|
Природа как стратегия
Екатерина Деготь
Художественный фестиваль "Арт-Клязьма" проходит среди берез, на берегу
водоема, в известном, пусть и преодолимом, отдалении от столицы. Означает ли
это, что он проходит на природе? По сравнению с белым пространством городской
галереи - без сомнения; однако не стоит забывать, что водоем этот есть водохранилище,
что березы внезапно выдают регулярность своей посадки, а там уж мелькают и строения
пансионата, в которых можно обнаружить следы искусства, занесенного туда еще
задолго до нынешнего фестиваля. Так вырисовывается специфика "Арт-Клязьмы":
фестиваля в промежуточной зоне, зоне между искусством и жизнью, между культурой
и природой. Тщательным выстраиванием этой зоны, а затем ее институциональным
и даже коммерческим освоением, занималось искусство конца ХХ века, и, можно
смело предполагать, будет заниматься искусство века XXI-го. Фестиваль "Арт-Клязьма"
ярче всего в России воплощает этот проект. Отсутствие укрытого от непогоды помещения,
отсутствие государственной поддержки (фестиваль проходит под сугубо частным
патронажем), отсутствие куратора-искусствоведа (фестиваль делается художниками),
отсутствие жесткого отбора, отсутствие установки на шедевр ("инициатива"
как таковая ценится куда выше) - все это в самом центре современной художественной
политики, все это есть позитивная программа, воспитавшая уже своего потребителя,
- поистине революционный проект.
Первая революция произошла в искусстве, когда оно в начале ХХ века осознало
собственную "искусственность" и вознамерилось отгородиться от природы:
произведения авангарда создавались в расчете на изолированный от повседневности
Музей современного искусства, хотя во многих исторических обстоятельствах (и
не только в СССР) он был инстанцией воображаемой. Но другого социального места
для такого искусства просто не было. Нейтральное белое пространство создавало
привилегированную среду, где отсутствие массового успеха компенсировалось торжественной
монашеской обстановкой, удаленной от земного (Малевич, Кандинский и Мондриан
дружно ненавидели зеленый цвет, верх компромисса и посредственности). В 1920-е
годы в СССР, в 1930-е в США, в 1950-е годы в Европе идея такого музея была реализована.

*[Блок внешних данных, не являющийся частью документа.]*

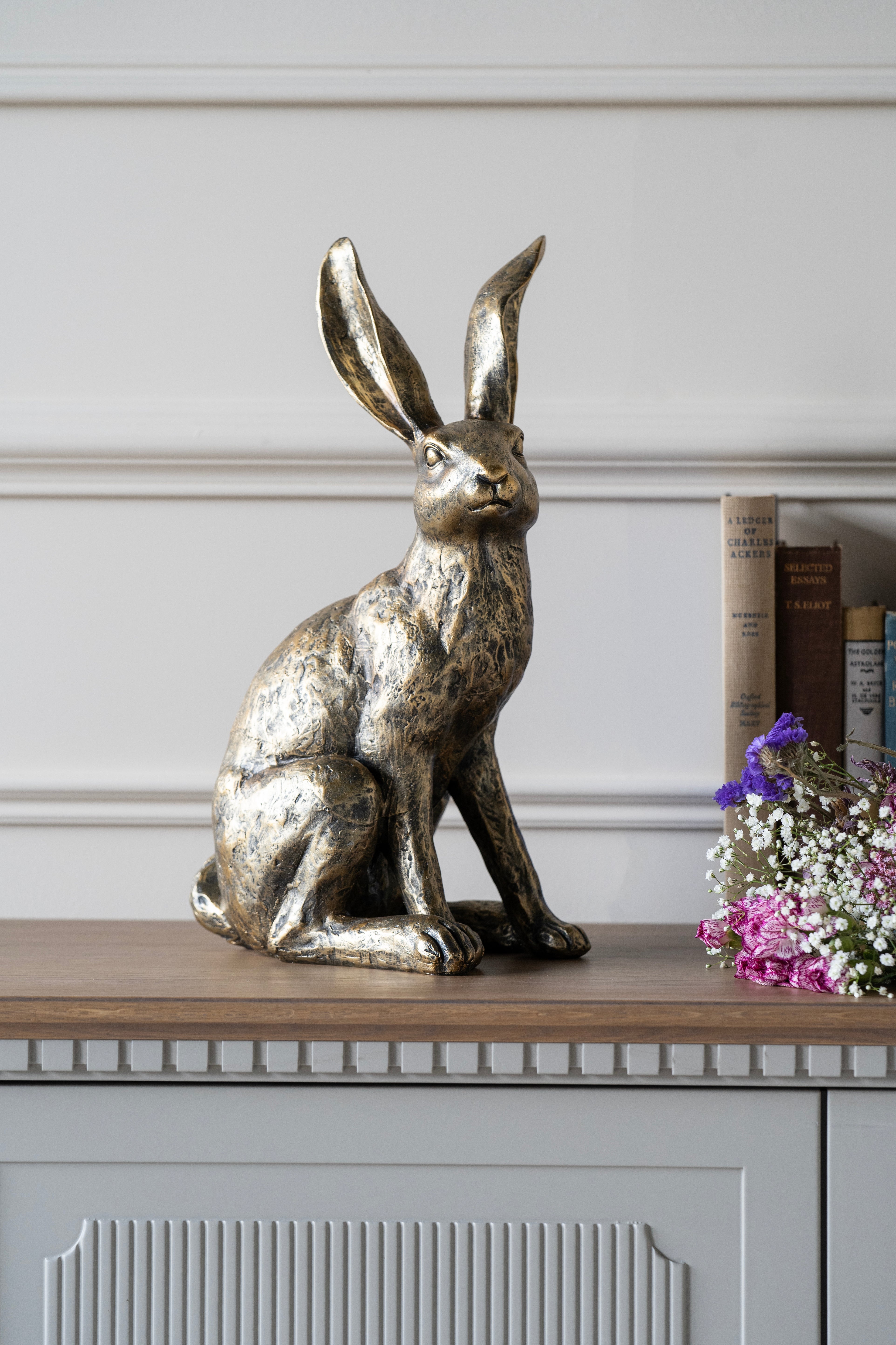 Introducing Laura Ashley's exquisite Antiqued Large Sitting Hare Sculpture. Meticulously crafted in resin and hand finished with a unique antique gold wash, each piece is truly one-of-a-kind. This premium collection captures the charm of a Hare, making it a must-have for any discerning art collector. Available in other sizes for a complete set.
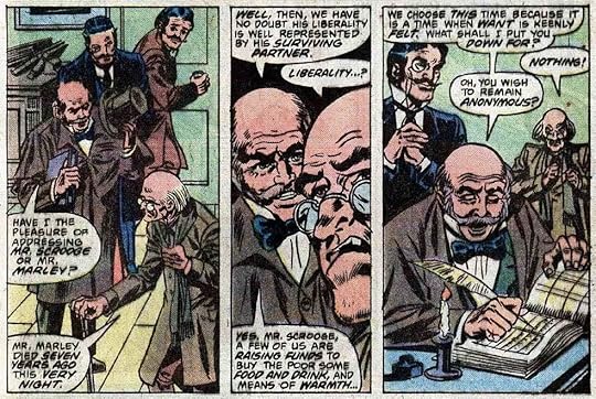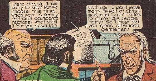 George D Lipscomb and Henry Kiefer's adaptation for Classics Illustrated only gives five panels to the charitable solicitors and cuts out huge chunks of the dialogue. They don't even have time to get confused about whether Scrooge is going to contribute. He makes it very clear that he won't and they very briefly try to change his mind before they give up and leave.
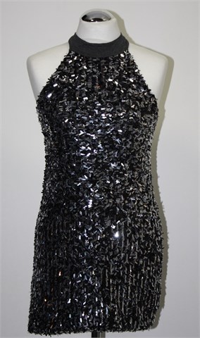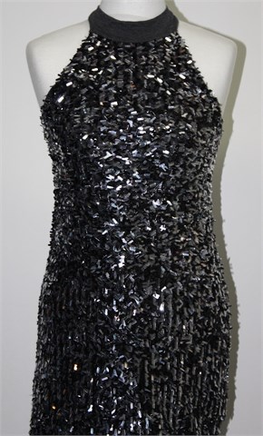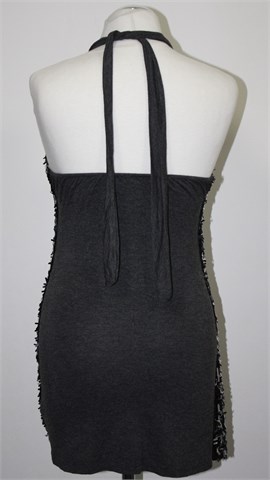 Tunika bez rukava, sive boje. Sa prednje strane su našivene šljokice/aplikacije, sa stražnje strane nisu. Vezanje oko vrata, leđa su otvorena. Prednja strana je podstavljena, na leđima je ušivena gumica (mrvicu se odšio šav na gumici ali lako se zašije).
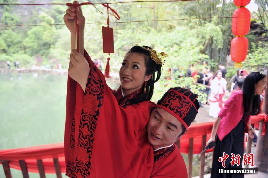 重庆酉阳桃花源举行首届传统汉服集体婚典
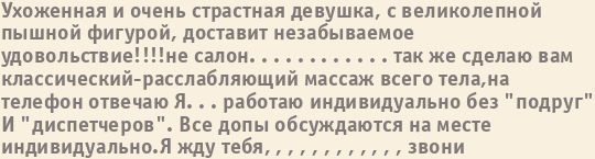 Множество очаровательных проституток и путан ждет Вас в гости. Займитесь сексом с ними и окунитесь в мир безумной любви и страсти, а наш сайт поможет Вам в этом!
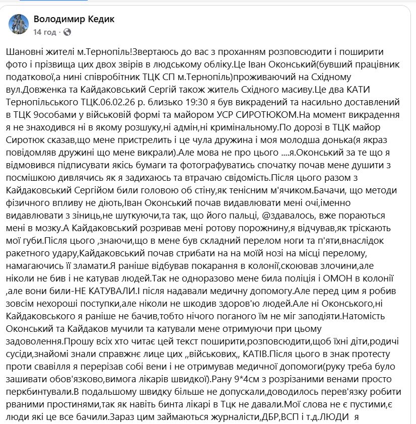 “Шановні жителі м.Тернопіль!Звертаюсь до вас з проханням розповсюдити і поширити фото і прізвища цих двох звірів в людському обліку.Це Іван Оконський(бувший працівник податкової,а нині співробітник ТЦК СП м.Тернопіль)проживаючий на Східному вул.Довженка та Кайдаковський Сергій також житель Східного масиву.Це два КАТИ Тернопільського ТЦК.06.02.26 р. близько 19:30 я був викрадений та насильно доставлений в ТЦК 9особами у військовій формі та майором УСР СИРОТЮКОМ.На момент викрадення я не знаходився ні в якому розшуку,ні адмін,ні кримінальному.По дорозі в ТЦК майор Сиротюк сказав,що мене пристрелить і це чула дружина і моя молодша донька(я якраз повідомляв дружині що мене викрали).Але мова не про цього ….я.Оконський за те що я відмовився підписувати якісь бумаги та фотографуватись спочатку почав мене душити з посмішкою дивлячись як я задихаюсь та втрачаю свідомість.Після цього разом з Кайдаковський Сергійом били головою об стіну,як тенісним м’ячиком.Бачачи, що методи фізичного впливу не діють,Іван Оконський почав видавлювати мені очі,іменно видавлювати з зіниць,не шуткуючи,та так, що його пальці, @здавалось, вже пораються мені в мозку.А Кайдаковський розривав мені ротову порожнину,я відчував,як тріскають мої губи.Після цього ,знаючи,що в мене був складний перелом ноги та п’яти,внаслідок ракетного удару,Кайдаковський почав стрибати на на моїй нозі на місці перелому, намагаючись її зламати.Я раніше відбував покарання в колонії,скоював злочини,але ніколи не бив і не катував людей.Так не одноразово мене била поліція і ОМОН в колонії ,але вони били-НЕ КАТУВАЛИ.І після надавали медичну допомогу.Але перед цим я робив зовсім нехороші поступки,але ніколи не шкодив здоров’ю людей.Але ні Оконського,ні Кайдаковського я раніше не бачив,тобто нічого поганого їм не міг заподіяти.Натомість Оконський та Кайдаков мучили та катували мене отримуючи при цьому задоволення.Прошу всіх хто читає цей текст поширити,розповсюдити,щоб їхні діти,родичі сусіди,знайомі знали справжнє лице цих ,,військових,, КАТІВ.Після цього в знак протесту проти свавілля я перерізав собі вени і не отримував медичної допомоги(руку треба було зашивати обов’язково,вимога лікарів швидкої).Рану 9*4см з розрізаними венами просто перкбинтували.В подальшому швидку більше не допускали,доводилось перев’язку робити рваними простинями,так як навіть бинта лікарі в Тцк не давали.Мої слова не є пустими,є люди які це все бачили.Зараз цим займаються журналісти,ДБР,ВСП і т.д.ЛЮДИ я перетерпів цю катівню і прошу не за себе.Прошу розголосу,що вашим рідним і близьким людям не довелось пережити похожі тортури від цих двох КАТІВ,по іншому їх назвати не можу.Такого не повинно повторитись.Українці мучать українців.Щиро дякую всім хто дочитав та поширив.ПОТРІБНО ЗУПИНИТИ ЦЕ НАСИЛЬСТВО НАД ЛЮДЬМИ!!!
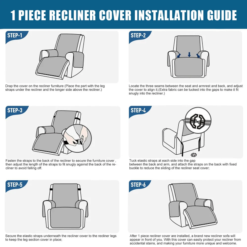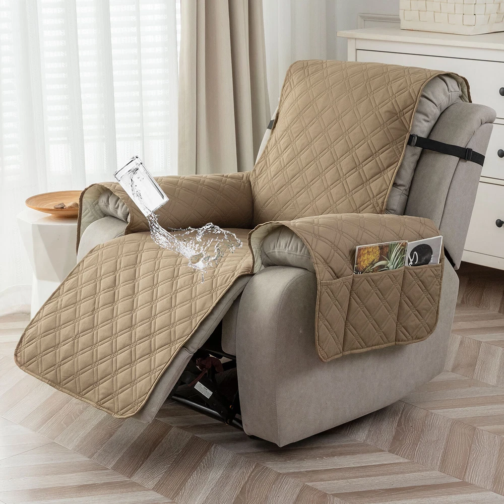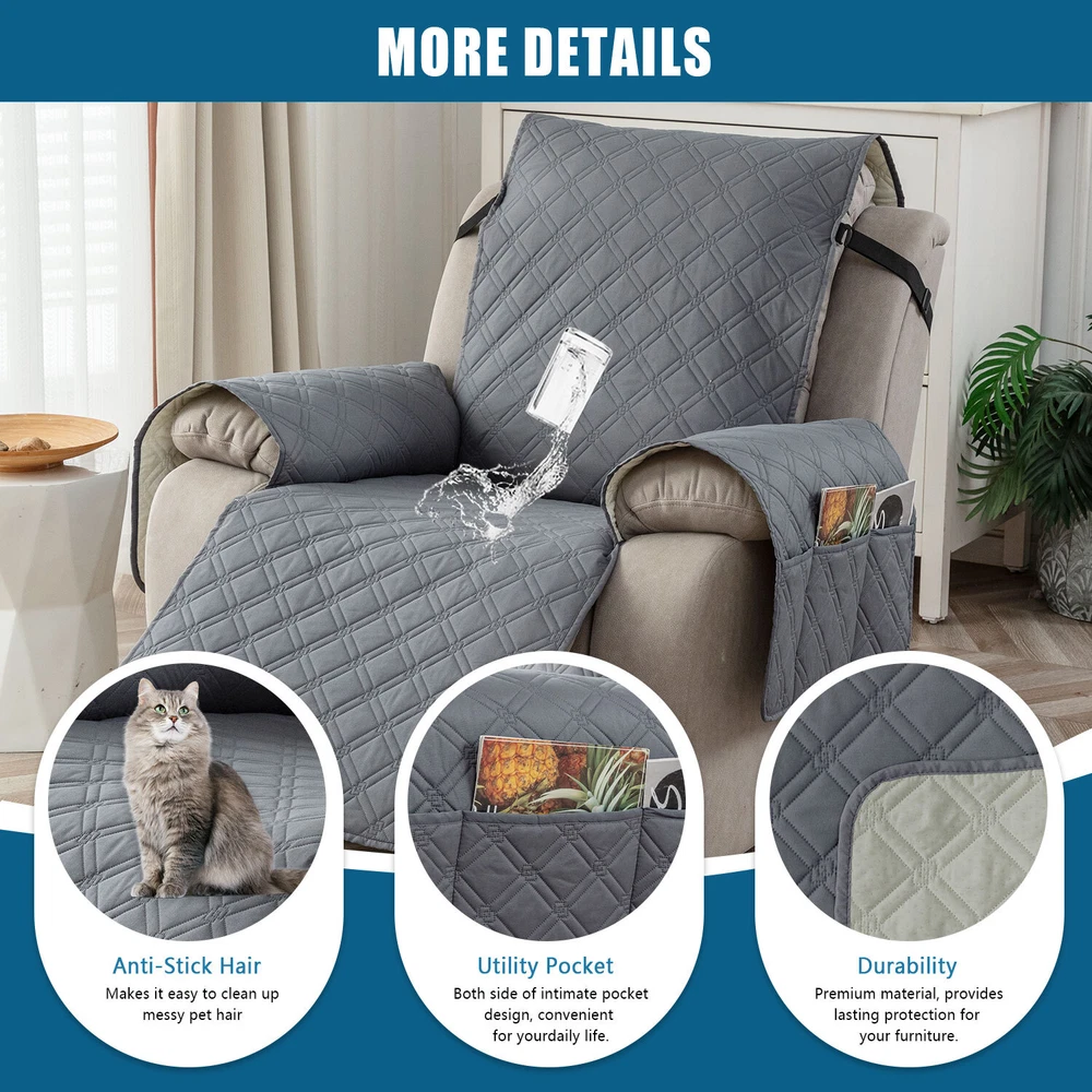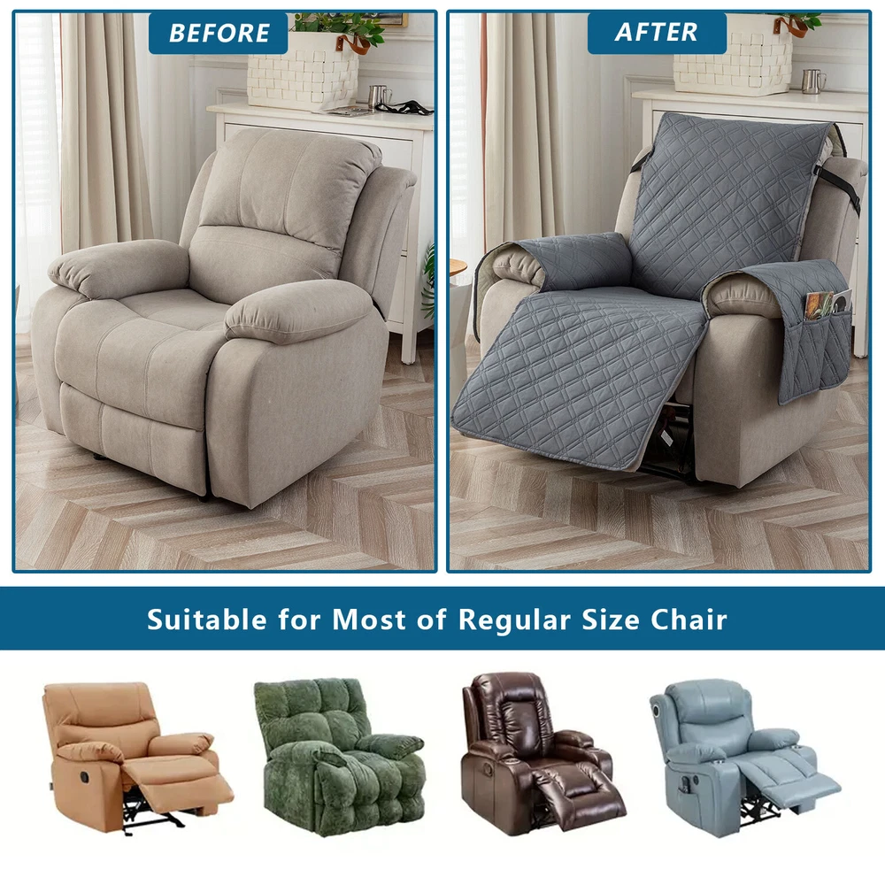 About this item 【100% WATERPROOF FABRIC】We use high-grade fabric to undergo waterproof treatment by coating a waterproof layer on the top, to ensure our recliner chair cover provides 100% guaranteed waterproof and leak-proof features. This new waterproof feature (can be tested), is a great way to protect your sofa from any drinks, spills, daily wear and tear. Making sure your furniture are clean at all times. 【HIGH QUALITY MATERIAL】 reclining chair cover are made of choiceness material, quilted from 5 layers of durable fabric, and the inner-layer is filled with soft texture fabric to make it more comfortable, soft, durable and strong, it would be a great choice for homes with kids and pets. 【REDUCE SLIP-OFF CONCEPT】Reduce movement around! 1. Solid round colloid design on the back of our recliner cover; 2. Additional flexible elastic straps; 3. Two elastic bands at seat's back side and the matching buckle, to reduce the sliding of the recliner chair slipcover, even on the leather furnitures. 【DIMENSIONS GUIDE】 Small pet recliner cover fit a chair with a seat width of 20 in, see measurement guide in photos. NOTE: Please confirm the size before purchasing.(Due to some lighting reasons, the color of each display will be different, so please refer to the actual color.) 【Easy to install & Easy care】Care instruction: Hand or machine washable, wash at a temperature around 30 degrees Celsius, mild laundry detergent advice. Do not bleach. Do not iron. (Service Guarantee: If have any questions on the product, please contact us for help.)

Именно в этот момент началась вторая революция - искусство 1960-х годов призвало
уйти из музея. Энвайронмент, лэнд-арт, психогеографические прогулки, политический
активизм и хэппенинг создавали не предмет, а контекст - то есть предмет такого
размера и типа, чтобы он физически не вместился в музей.
Следующие поколения занялись созданием чего-то такого вместо музея, чтобы такие
произведения-контексты войти туда смогли бы, и к 1990-м годам грандиозная задача
институционализации была решена. Ту роль, которую для искусства ХХ века сыграл
Музей современного искусства, для XXI-го будут играть глобальные мегавыставки
наших дней (различные Биеннале, фестивали, проекты, разворачивающиеся вне контекста
галерей и музеев, а в ином, специально для них предназначенном пространстве),
уже совершившие революцию в основах искусства. Физический масштаб, структура,
распределение ролей, статус произведения, тип рынка - все здесь новое, и все
указывает на то, что новой религией искусства стала природа.
Типичные сегодняшние похвалы выставке, которые уже выслушала, и, наверняка,
услышит еще "Арт-Клязьма", - множественность позиций, открытость,
способность обновляться, динамика, процессуальность, гетерогенность, интеграция
коллективных усилий (которая свершается как бы даже помимо воли участников)
- воспроизводят квазиприродный идеал "ризомы", скрыто или открыто
противопоставленный иерархическому "музею". В отличие от музея (который
воплощает вечность), мегавыставка скоротечна и, как и все природное, умрет;
ее девиз - "здесь и сейчас". История искусства, дидактической инсценировкой
которой был Музей современного искусства, превратилась из основы арт-бизнеса
в нечто совершенно ему внешнее и, по сути дела, лишнее.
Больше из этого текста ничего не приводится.